**What you have to do**
Every line from the start of the entries up to and including the one bearing "Prediksi togel PAM4D" must be printed verbatim, without the pictures.

**Available records**
□ □ □

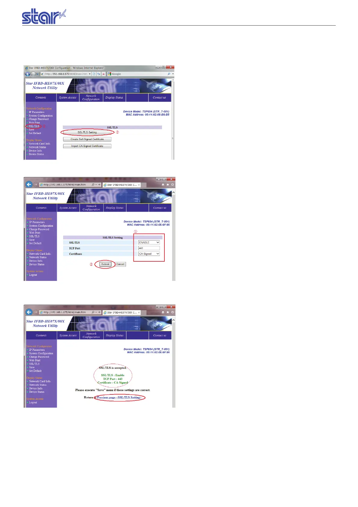 Select[Enable]fromthe"SSL/TLS"drop-downlistand[CA-Signed]fromthe"Certicate"drop-downlist.Click[Submit].
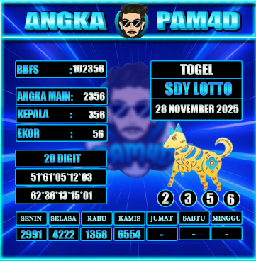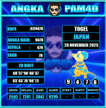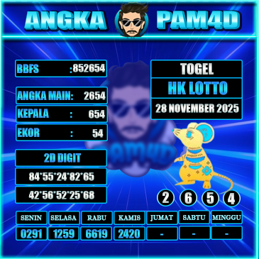Prediksi togel PAM4D hari ini tanggal 28/11/2025 hadir untuk membantu pemain mendapatkan angka rekomendasi yang lebih akurat dan terarah. Setiap prediksi disusun berdasarkan pola data sebelumnya, analisa peluang, serta kombinasi angka yang sedang naik tren. Dengan pembaruan rutin setiap hari, pengguna bisa mendapatkan angka main, colok bebas, hingga kombinasi terbaik untuk berbagai pasaran populer.
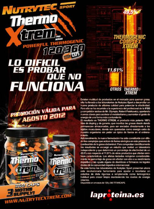 Thermo Xtrem de Nutrytec Xtrem es una potente fórmula termogénica de acción múltiple que contiene los ingredientes termogénicos naturales más activos para conseguir una importante pérdida de grasa sin poner en peligro nuestro tamaño muscular.
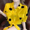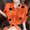 Kleines frisches Polka-Dot-Hemd Damen Sommer Koreanische Version Locker Kurzärmlig Schnürung Chiffonhemd Damen
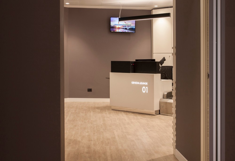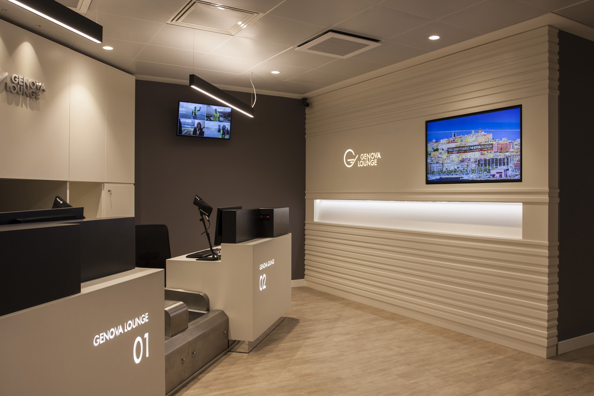 Si chiama Genova Lounge ed ha una superficie praticamente raddoppiata rispetto alla precedente. si passa dai 90 metri quadri a quasi 200.All’ingresso della Genova Lounge si trovano due banchi check-in con personale dedicato..
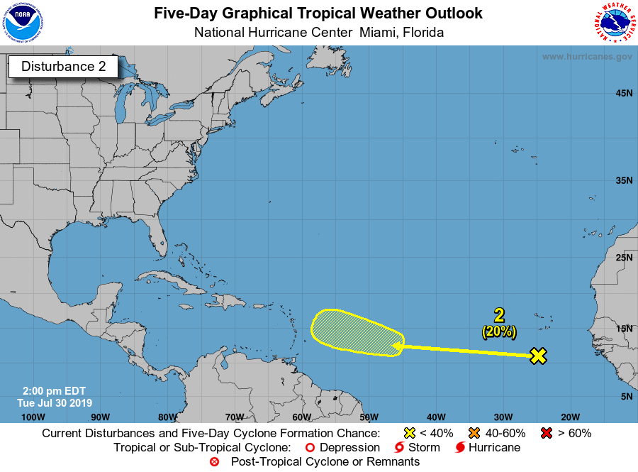 De enige andere disturbance op de Atlantische Oceaan ligt ten Westen van Afrika en heeft een vormingskans van 20% gedurende de komende 5 dagen. En ook al is de vormingskans dus laag binnen 120 uur, ontstaat de storm op de LT in vrijwel elk model en zou ik de uiteindelijke vormingskans dus persoonlijk rond de 70% zetten. Bij de meeste modellen komt de storm rond 7 augustus aan bij Puerto Rico, waarna hij naar het Noordwesten beweegt en op het einde wegkrult van de VS. Met een kerndruk van rond de 985 - 995 hPa zal de disturbance volgens de modellen niet sterker worden dan een tropische storm. Zoals het er nu uitziet zal de storm nog niet krachtig genoeg zijn boven Puerto Rico om gevaar te veroorzaken en komt hij niet dichtbij genoeg bij de VS voor echte problemen. Dus voorlopig is alles goed, maar het is wel iets om in de gaten te houden.

□ □ □

**Written response**
 Select[Enable]fromthe"SSL/TLS"drop-downlistand[CA-Signed]fromthe"Certicate"drop-downlist.Click[Submit].
Prediksi togel PAM4D hari ini tanggal 28/11/2025 hadir untuk membantu pemain mendapatkan angka rekomendasi yang lebih akurat dan terarah. Setiap prediksi disusun berdasarkan pola data sebelumnya, analisa peluang, serta kombinasi angka yang sedang naik tren. Dengan pembaruan rutin setiap hari, pengguna bisa mendapatkan angka main, colok bebas, hingga kombinasi terbaik untuk berbagai pasaran populer.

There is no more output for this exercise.